Bases: opan.error.OpanError

Error relating to parsing of or calculation using XYZ data.

See the OpanError documentation for more information on attributes, methods, etc.

Typecodes

DIHED = 'DIHED'

Dihedral angle calculation requested for a set of atoms containing an insufficiently nonlinear trio of atoms

NONPRL = 'NONPRL'

Insufficient non-parallel character in some manner of calculation

OVERWRITE = 'OVERWRITE'

Object already initialized (overwrite not supported)

XYZFILE = 'XYZFILE'

Inconsistent geometry in an OpenBabel XYZ file

  • ORCA.xyz or .trj

opan.grad

Module implementing imports of gradient data from external computations.

The abstract superclass SuperOpanGrad defines a common initializer and common method(s) that for use by subclasses importing gradient data from external computational packages.


Implemented Subclasses

OrcaEngrad – Imports ‘.engrad’ files from ORCA


Requirements

  • The import for each external software package SHOULD have its own subclass.

  • Each subclass MUST implement a _load(self, **kwargs) instance method as the entry point for import of gradient data.

  • The gradient data MUST be stored:

    • In the instance member self.gradient
    • As a one-dimensional np.array
    • With dtype descended from np.float
    • In units of Hartrees per Bohr \(\left(\frac{\mathrm{E_h}}{\mathrm B}\right)\)
    • With elements ordered as:
    \[\begin{split}\left[ \begin{array}{cccccccc} \frac{\partial E}{\partial x_1} & \frac{\partial E}{\partial y_1} & \frac{\partial E}{\partial z_1} & \frac{\partial E}{\partial x_2} & \frac{\partial E}{\partial y_2} & \dots & \frac{\partial E}{\partial y_N} & \frac{\partial E}{\partial z_N} \\ \end{array} \right]\end{split}\]

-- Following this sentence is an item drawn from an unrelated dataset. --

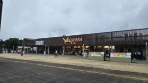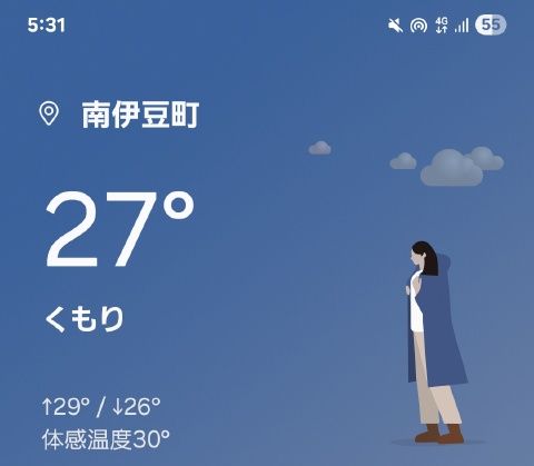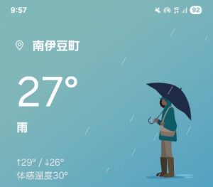 10時チェックアウト。車温度計は30℃、スマホ現在地気温は27℃。

  • The geometry data MUST be stored:

    • In the instance member self.geom
    • As a one-dimensional np.array
    • With dtype descended from np.float
    • In units of Bohrs \(\left(\mathrm B\right)\)
    • With elements ordered as:
    \[\begin{split}\left[ \begin{array}{cccccccc} x_1 & y_1 & z_1 & x_2 & y_2 & \dots & y_N & z_N \\ \end{array} \right]\end{split}\]

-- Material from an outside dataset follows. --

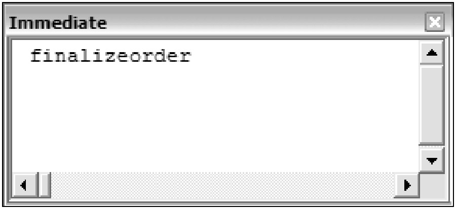 Run the FinalizeOrder procedure from the Immediate Window as shown in Figure 2-10.

  • The atoms list MUST be stored:

    • In the instance member self.atom_syms
    • As a list of str, with each atom specified by an all-caps atomic symbol (opan.const.atom_sym may be helpful)

  • Subclasses MAY define an unlimited number of methods, class variables, and/or instance variables of unrestricted type, in addition to those defined above.


Superclass

class opan.grad.SuperOpanGrad(**kwargs)

Abstract superclass of gradient import classes.

Performs the following actions:

  1. Ensures that the abstract superclass is not being instantiated, but instead a subclass.
  2. Calls the _load() method on the subclass, passing all kwargs through unmodified.
  3. Typechecks the self.gradient, self.geom, and self.atom_syms required members for existence, proper data type, and properly matched lengths.

The checks performed in step 3 are primarily for design-time member- and type-enforcement during development of subclasses for newly implemented external software packages, rather than run-time data checking. It is RECOMMENDED to include robust data validity checking inside each subclass, rather than relying on these tests.


Methods

check_geom(coords, atoms[, tol])

Check for consistency of gradient geometry with input coords/atoms.

The cartesian coordinates associated with a gradient object are considered consistent with the input coords if each component matches to within tol. If coords or atoms vectors are passed that are of different length than those stored in the instance, a False value is returned, rather than an exception raised.

Parameters:
  • coords – length-3N np.float_ – Vector of stacked ‘lab-frame’ Cartesian coordinates
  • atoms – length-N str or int – Vector of atom symbols or atomic numbers
  • tolfloat, optional Tolerance for acceptable deviation of each passed geometry coordinate from that in the instance to still be considered matching. Default value is DEF.GRAD_COORD_MATCH_TOL

See opan.utils.check_geom for details on return values and exceptions raised.


Subclasses

class opan.grad.OrcaEngrad(path='...')

Container for gradient data generated by ORCA.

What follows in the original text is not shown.